Now most head teachers are chosen because they possess a number of fine qualities. They understand children and they have the children's best interets at heart. They are sympathetic. They are fair and they are deeply interested in education. Miss Trunchbull possessed none of these qualities and how she ever got her present job was a mystery.
"There is a little girl in my class called Matilda Wormwood..." Miss Honey began....
"...Now what is it you want, Miss Honey? Why are you wasting my time?
"I came to talk to you about Matilda, Headmistress. I have extraordinary things to report about the child.

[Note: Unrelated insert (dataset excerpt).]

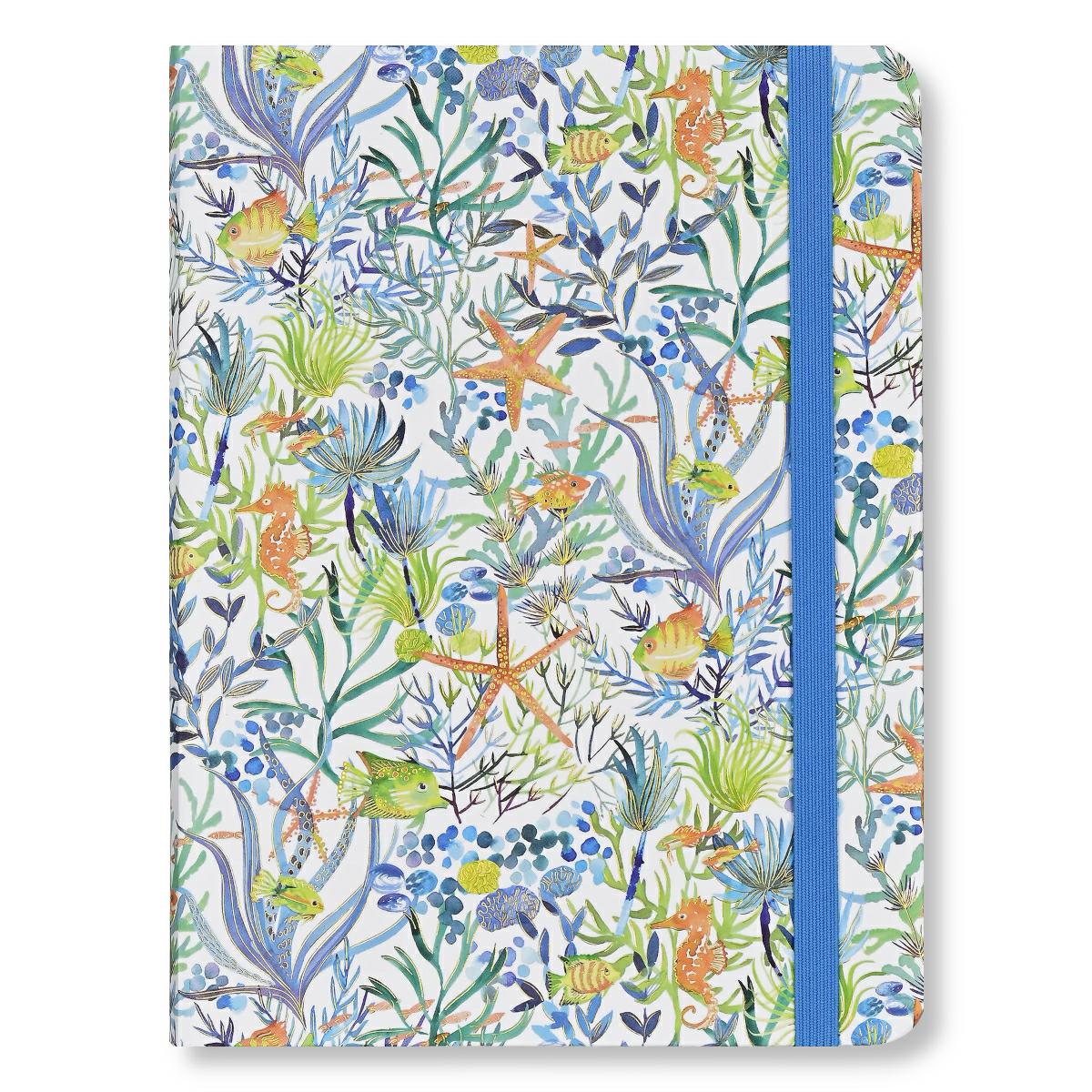 Średni notatnik firmy Peter Pauper Press Sen Oceanu (Ocean Dream). Każdy notes tej marki jest wyjątkowym dziełem sztuki. Bogactwo wzorów i kolorów pozwala wybrać ten idealny. Notes idealnie nadaje się na prezent. Okładka przedstawia bogactwo podwodnego świata - rozgwiazdy, koniki morskie, tropikalne ryby i morską roślinność.

May I please tell you what happened in class just now?"
"I suppose she set fire to your skirt and scorched your knickers!" Miss Trunchbull snorted.

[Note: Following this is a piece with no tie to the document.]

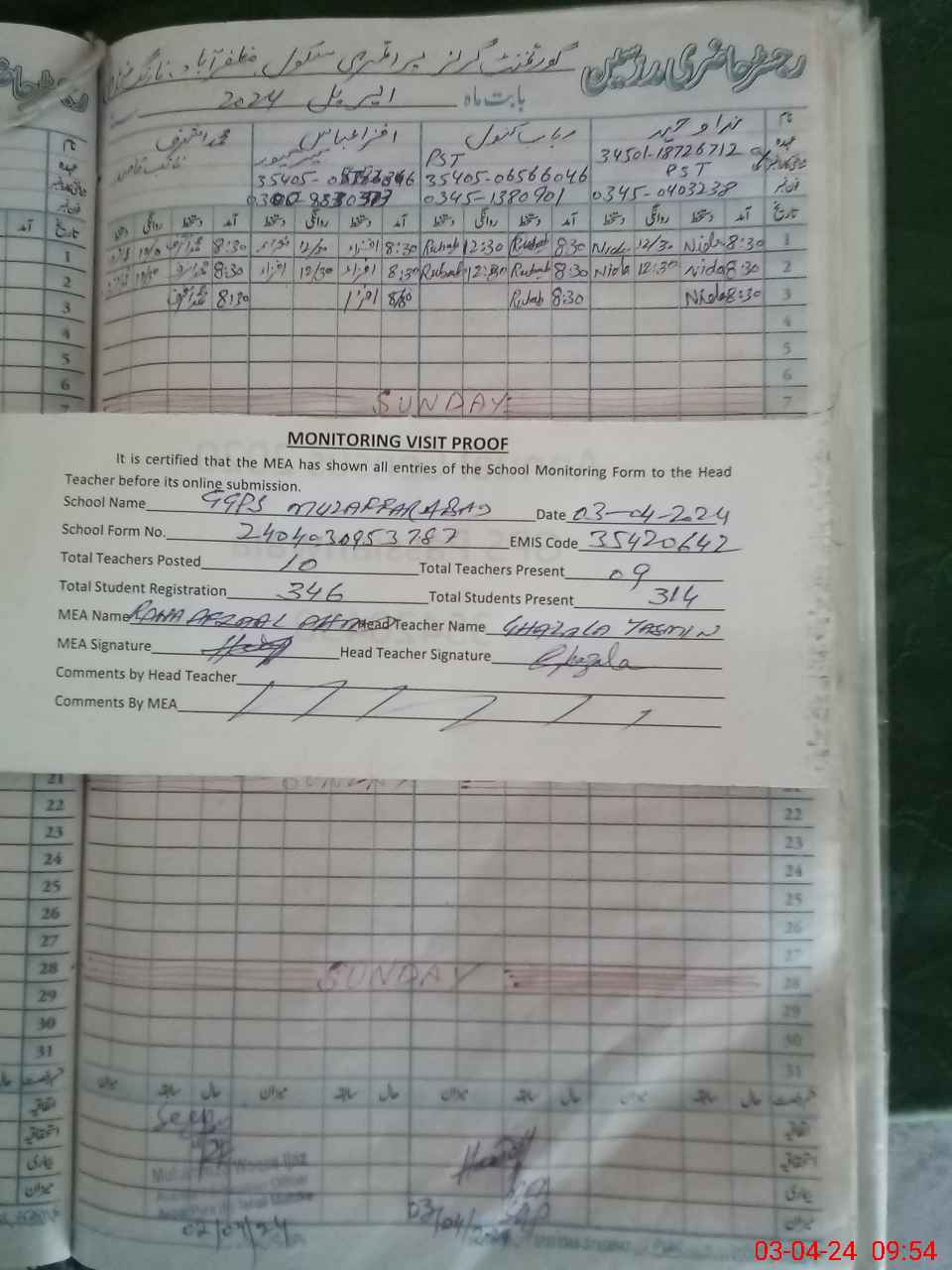 | Attendance Register | Head Teacher | MEA with School | Visit Proof |

...Miss Honey was determined to have her say and she now began to describe some of the amazing things Matilda had done with arithmetic.
"So she's learnt a few tables by heart has she?" Miss Trunchbull barked. "My dear woman, that doesn't make her a genuis! It makes her a parrot!"
"It is my opinion," Miss Honey said "that Matilda should be taken out of my form and placed immediately in the top form with the eleven-year-olds."
"Ha!" snorted Miss Trunchbull. "So you want to get rid of her, do you?..."
"No, no!" cried Miss Honey. "That is not my reason at all!"
"Oh, yes it is!" shouted Miss Trunchbull. "I can see right through your little plot, madam! And my answer is no! Matilda stays where she is and it is up to you to see that she behaves herself."
"But Headmistress, please."
"Not another word!" shouted Miss Trunchbull. "And in any case, I have a rule in this school that all children remain in their own age groups regardless of ability. Great Scott, I'm not having a little five-year-old brigand sitting with the senior girls and boys in the top form. Whoever heard of such a thing!"
From Roald Dahl's Matilda.

What has changed: today's education establishment would recast the teacher as a pushy "helicopter parent," deluded that her child is a genius, and the principal as the good guy, concerned about whether "the whole child" can handle such a grade skip.